• Task requirements: Quote from the first line below through the line that contains "2026新款树脂奖杯创意不规则金银铜奖杯企业优秀员工年会爆款", both included, and leave the pictures out.

• Data segment:
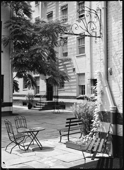 East 53rd Street and First Avenue. Sutton Manor Apartments. Birds-eye from fire escape of corner of courtyard
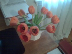 Then we had lunch, with everything I had requested: corn and pepper soup, roast beef sandwiches, chocolate mousse cake. Ophelia had picked out a bunch of tulips, and I put them into a white stoneware sugar bowl I had bought long ago. It had been missing its lid, but I thought it would be perfect for flowers. And so it is.
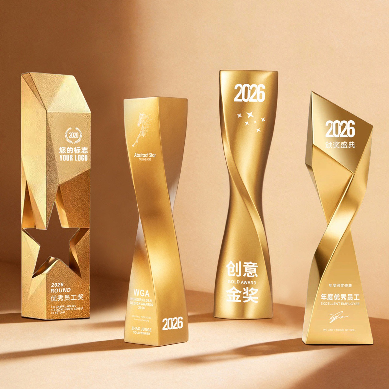 2026新款树脂奖杯创意不规则金银铜奖杯企业优秀员工年会爆款
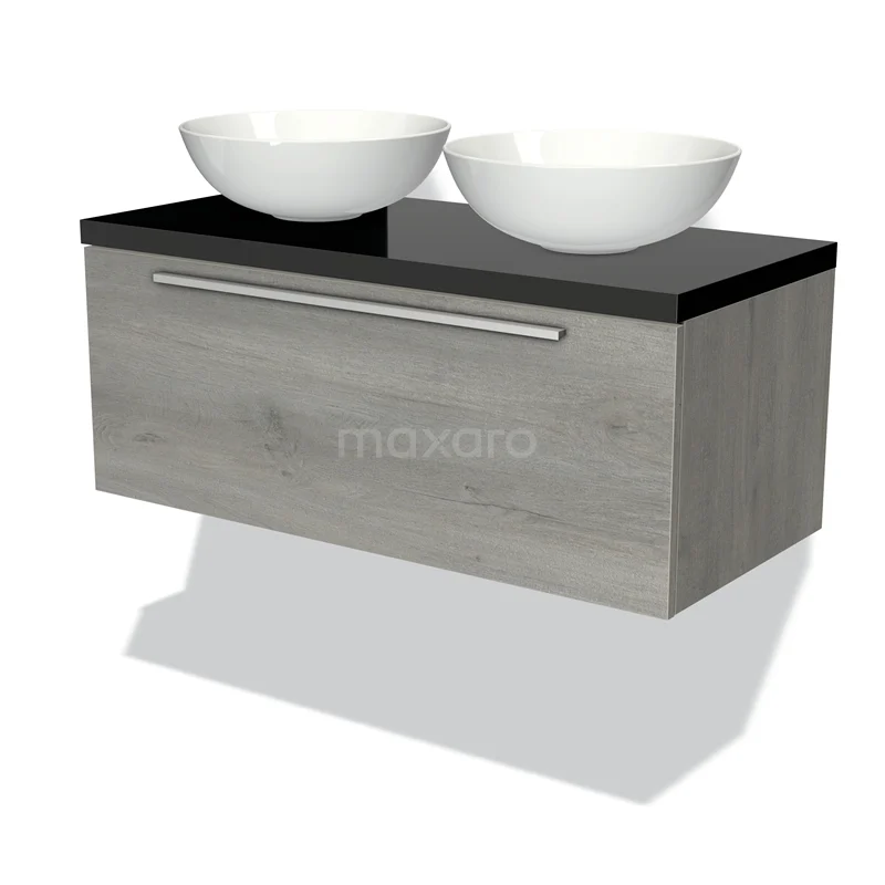 Modulo Plato Badmöbel mit Aufsatzwaschbecken | 100 cm Graue Eiche Flach front Hochglanz Schwarz blatt 1 Schublade

• Solution for this task:
 East 53rd Street and First Avenue. Sutton Manor Apartments. Birds-eye from fire escape of corner of courtyard
 Then we had lunch, with everything I had requested: corn and pepper soup, roast beef sandwiches, chocolate mousse cake. Ophelia had picked out a bunch of tulips, and I put them into a white stoneware sugar bowl I had bought long ago. It had been missing its lid, but I thought it would be perfect for flowers. And so it is.
 2026新款树脂奖杯创意不规则金银铜奖杯企业优秀员工年会爆款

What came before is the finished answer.